At Trinity, I’ve raised the useful question about various activities around our church “If this program weren’t already going, is there a need great enough that we’d start it today?”
I don’t mean to be an impetuous, young upstart who hates tradition (I do love me some historic liturgy in the church!) but I do believe we should be good stewards of the resources God has given us.
If we’re wasting our resources on ineffective, useless activities, then we’re doing a disservice to our neighbor and our God.
Jesus understood this when He spoke to the Pharisees in Matthew chapter 12. “If any of you has a sheep and it falls into a pit on the Sabbath, will you not take hold of it and lift it out?
Pharisaical practice established traditions surrounding the Sabbath, extra laws of not lifting a finger on God’s day, all with good intention, but as Jesus points out, the tradition is bad.
Jesus shows the danger of mixing old traditions and the New Covenant in Christ in Luke 5:36-39 in the parable of new wine in old wineskins.
And He perfectly sums it up in Mark chapter 2: “The Sabbath was made for man, not man for the Sabbath.
We are not made to serve traditions, but traditions are made to serve us.
So ask yourself,

“Why do we open presents on Christmas Eve?”

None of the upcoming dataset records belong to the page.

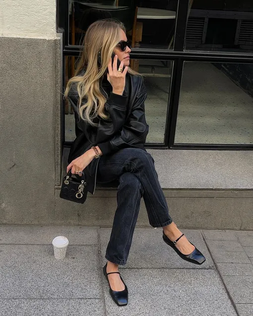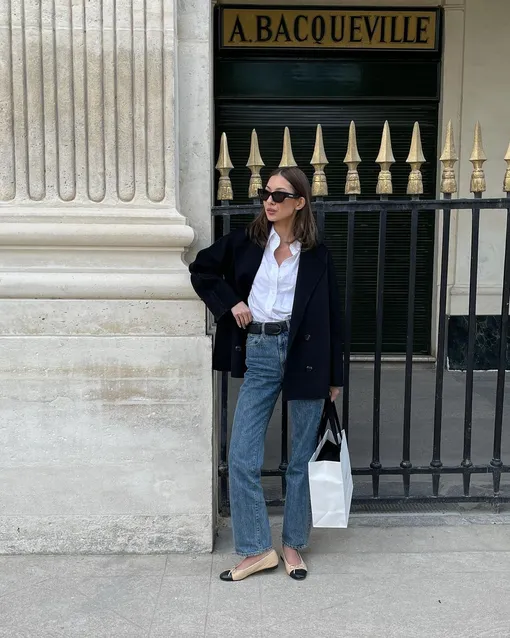 Сложно придумать более классическое сочетание, чем джинсы и пиджак: это удобно, красиво и уместно в любой ситуации. В целом, к этому комбо подойдет любая обувь: хоть кроссовки, хоть лодочки на шпильке. Однако, если хотите добавить образу больше парижского шика, беспроигрышным вариантом станут именно балетки.
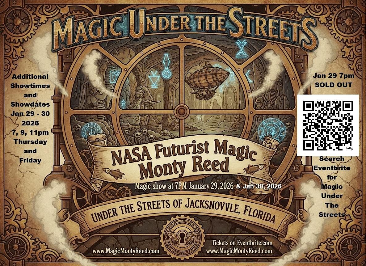 7pm Show Jan 30, 2026 Friday Come experience a night of wonder and amazement below Goozlepipe & Guttyworks under the streets of Jacksonville. Join us for a mystical journey into the underground catacombs of Jacksonville, where you'll witness mind-bending illusions and jaw-dropping Magic. Prepare to be amazed as our talented NASA Futurist Magic Monty Reed dazzles you with experiments into the super natural. Don't miss out on this unforgettable evening of Magic and mystery!
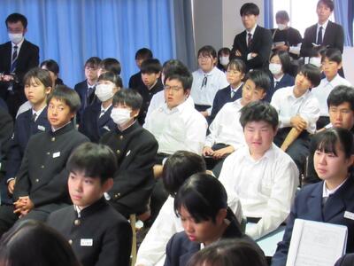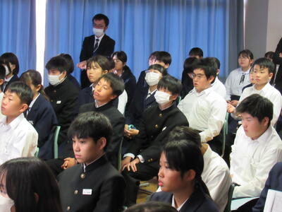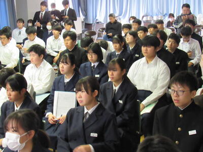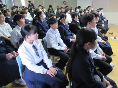 〇感謝を忘れないことや、いろいろなことを大切に思うことができる等、基礎となることを大切にすることを学びました。自分の好きなことを最後までやり通すことが、とてもかっこいいと思いました。今後は、片田江さんが言っていたように、キャリアの構築は選択の積み重ねなので、単なるAとBを選ぶのではなく、先を見据えて選んでいきたいです。(鈴木陽さん2年)
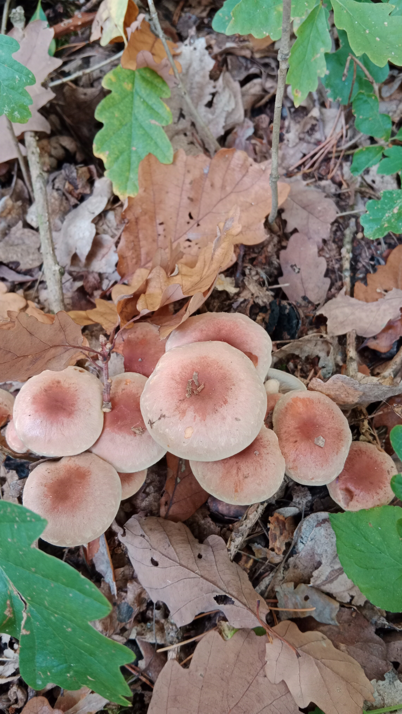 Описание гриба: Гриб пластинчатый. Прастинки частые , пепельносерые, шляпка небольшая,кирписнокрасная рос сростками на пеньке. Найдено в середине октября в смешанном лесу. На повреждениях цвет не меняет.
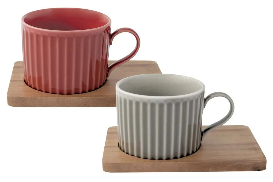#Набор из 2-х чашек 0.25л(красн.+серый) на подставке (акация) "Время отдыха" в подарочной упаковке.
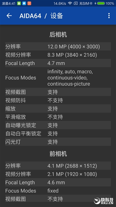 后置可以拍摄4K视频。前置只有400万像素,规格比较一般。

“Why do we hold meetings at this time?”

“Why do we sing these hymns?”

If the answer is anything but “because we’ve always done it this way,” then you’re on a right track.
Traditions are good, as long as they serve us well, and we’re not the ones serving them.

Alleluia, He is risen! (He is risen indeed, Alleluia!)
Thanks be to God that that is one tradition that never outlives it’s usefulness!